Photo : Le Petit Hergé
Pendant les vingt-trois heures de vote au Parlement, l’Argentine s’est divisée en deux. D’un côté, les citoyens en faveur de la dépénalisation, caractérisés par la couleur verte et soutenus par la Campaña Nacional por el Derecho al Aborto Legal, Seguro y Gratuito en Argentina (Campagne nationale pour le droit à l’avortement légal, sûr et gratuit en Argentine). Réuni devant le Congrès, le groupe avait déployé une banderole prônant une «Éducation sexuelle pour décider, des contraceptifs pour ne pas avorter, un avortement légal pour ne pas mourir».
De l’autre côté d’une barrière métallique étaient rassemblés les citoyens autoproclamés «en faveur de la vie», avec pour slogan «Sauvons les deux vies», menés par l’Église catholique et représentés par la couleur bleu céleste du drapeau du pays. En Argentine, le catholicisme est pratiqué par 92% de la population et l’importance de cette religion pourrait influencer considérablement la future décision des sénateurs sur la loi.

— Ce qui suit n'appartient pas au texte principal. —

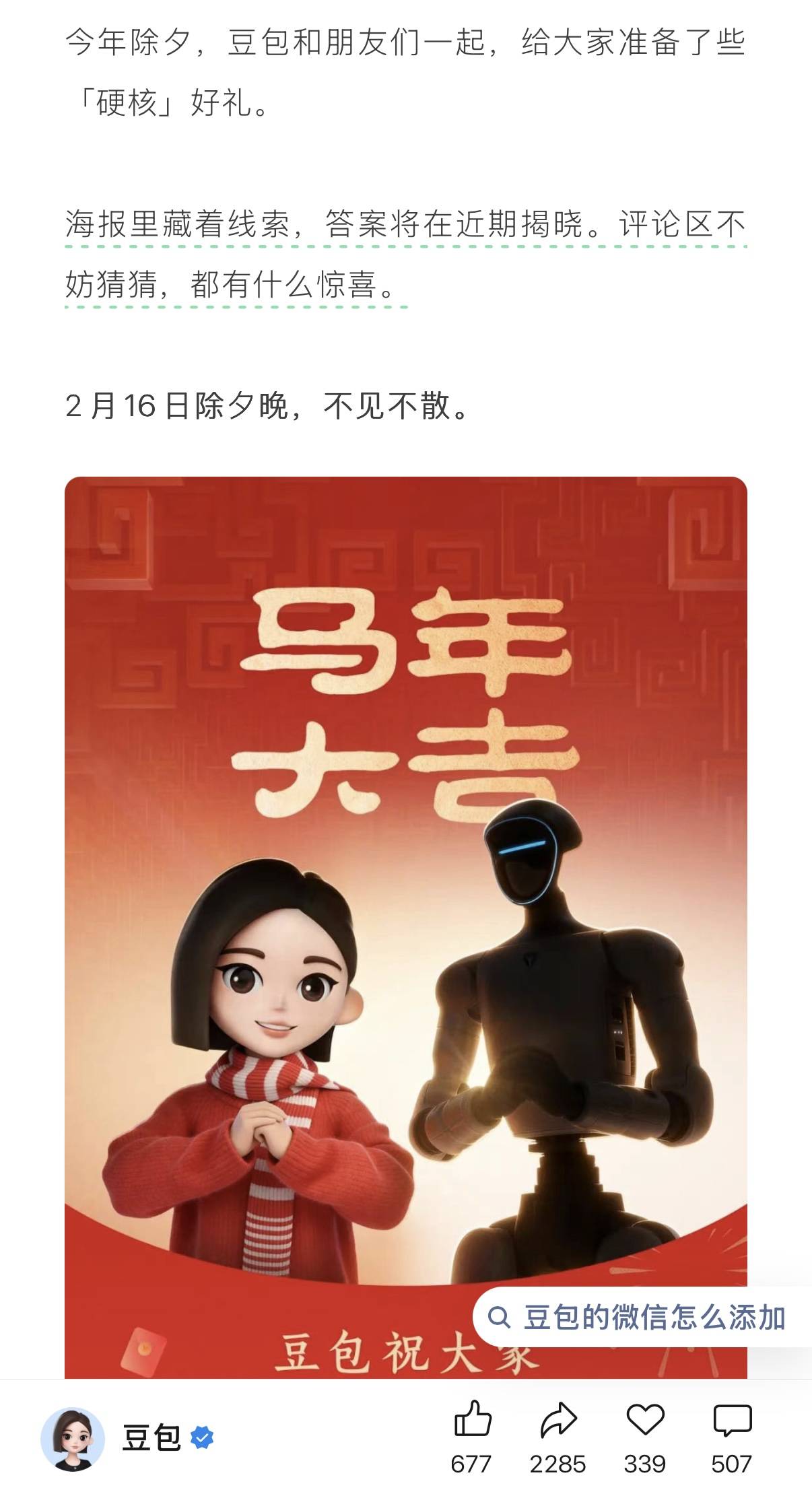 时代财经注意到,2月5日,豆包官方账号发布一则公告,称今年除夕给大家准备了些硬核好礼,并表示已将福利线索藏于配套海报之中。海报中清晰出现了人形机器人、汽车、无人机等元素,引发网友广泛猜测。此前,字节跳动已正式官宣,旗下火山引擎成为“2026年春晚独家AI云合作伙伴”,旗下AI产品“豆包”也将配合上线多种互动玩法。

Les lois concernant l’avortement en Amérique latine et dans les Caraïbes font partie des plus restrictives au monde. Au Salvador, au Nicaragua, au Honduras et en Haïti, l’interdiction d’avorter est absolue et passible d’une peine de prison qui peut dépasser les trente ans. Actuellement en Amérique latine, le nombre d’avortements illégaux est estimé à plus de deux millions chaque année. Seuls trois pays l’autorisent sans besoin de justificatifs : Cuba depuis 1965, et l’Uruguay et la Guyane depuis 2012.
Le président argentin Mauricio Macri a joué un rôle essentiel dans l’organisation du débat sur ce thème. S’il s’est déclaré, dans un premier temps, contre la dépénalisation de l’avortement, il a finalement mis en place un débat politique respectant les valeurs de la démocratie. Depuis son élection fin 2015, l’Argentine est entrée dans une grave crise économique l’obligeant le mois dernier à demander l’aide du FMI. Face à cette forte tension économique, la volonté du président de maintenir le dialogue et de mettre en place un vote sur la question de l’avortement, et ce malgré ses propres déclarations, peut être interprétée comme une manœuvre politique visant à redorer son image progressiste et à faire oublier, le temps du débat, la situation économique difficile dans laquelle le pays est plongé.
Stratégie politique ou non, l’acceptation de la loi par le Parlement représente déjà une victoire célébrée dans toute l’Amérique latine. Il ne reste plus qu’à attendre l’approbation du Sénat et espérer que, dans un futur proche, d’autres pays de la région suivent l’exemple argentin.